DATA EXTRACTS:

+---+

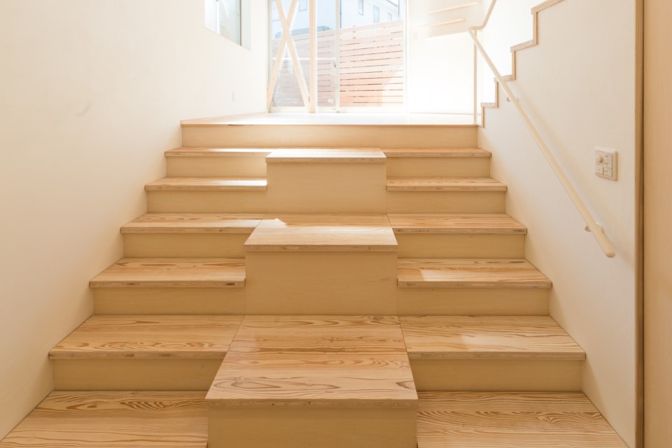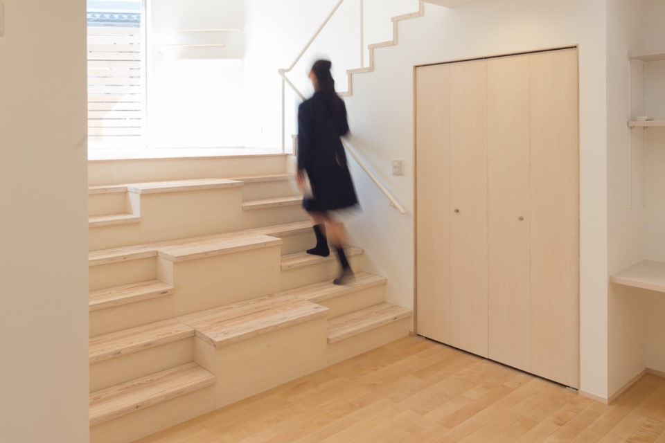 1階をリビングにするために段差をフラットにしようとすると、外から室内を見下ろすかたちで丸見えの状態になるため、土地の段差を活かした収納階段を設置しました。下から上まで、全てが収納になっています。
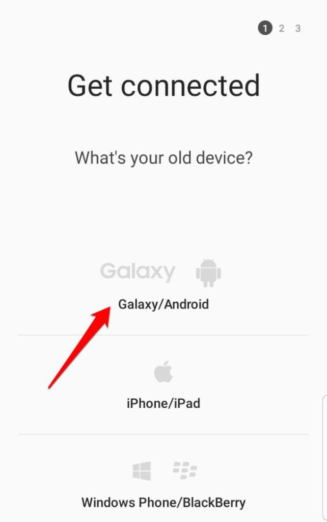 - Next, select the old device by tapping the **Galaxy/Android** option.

+---+

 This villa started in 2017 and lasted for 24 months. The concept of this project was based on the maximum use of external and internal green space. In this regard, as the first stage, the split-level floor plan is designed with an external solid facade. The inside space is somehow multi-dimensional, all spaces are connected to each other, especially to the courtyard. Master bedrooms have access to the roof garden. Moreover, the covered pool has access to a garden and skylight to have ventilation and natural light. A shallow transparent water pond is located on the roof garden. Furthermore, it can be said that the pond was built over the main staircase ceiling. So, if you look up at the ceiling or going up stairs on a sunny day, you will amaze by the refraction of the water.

+---+

WHAT IS REQUIRED: Look above for the line with "1階をリビングにするために段" and the line with "- Next, select", then copy them and all lines in between exactly as written, and only those, without any pictures.

RESPONSE AREA:
 1階をリビングにするために段差をフラットにしようとすると、外から室内を見下ろすかたちで丸見えの状態になるため、土地の段差を活かした収納階段を設置しました。下から上まで、全てが収納になっています。
 - Next, select the old device by tapping the **Galaxy/Android** option.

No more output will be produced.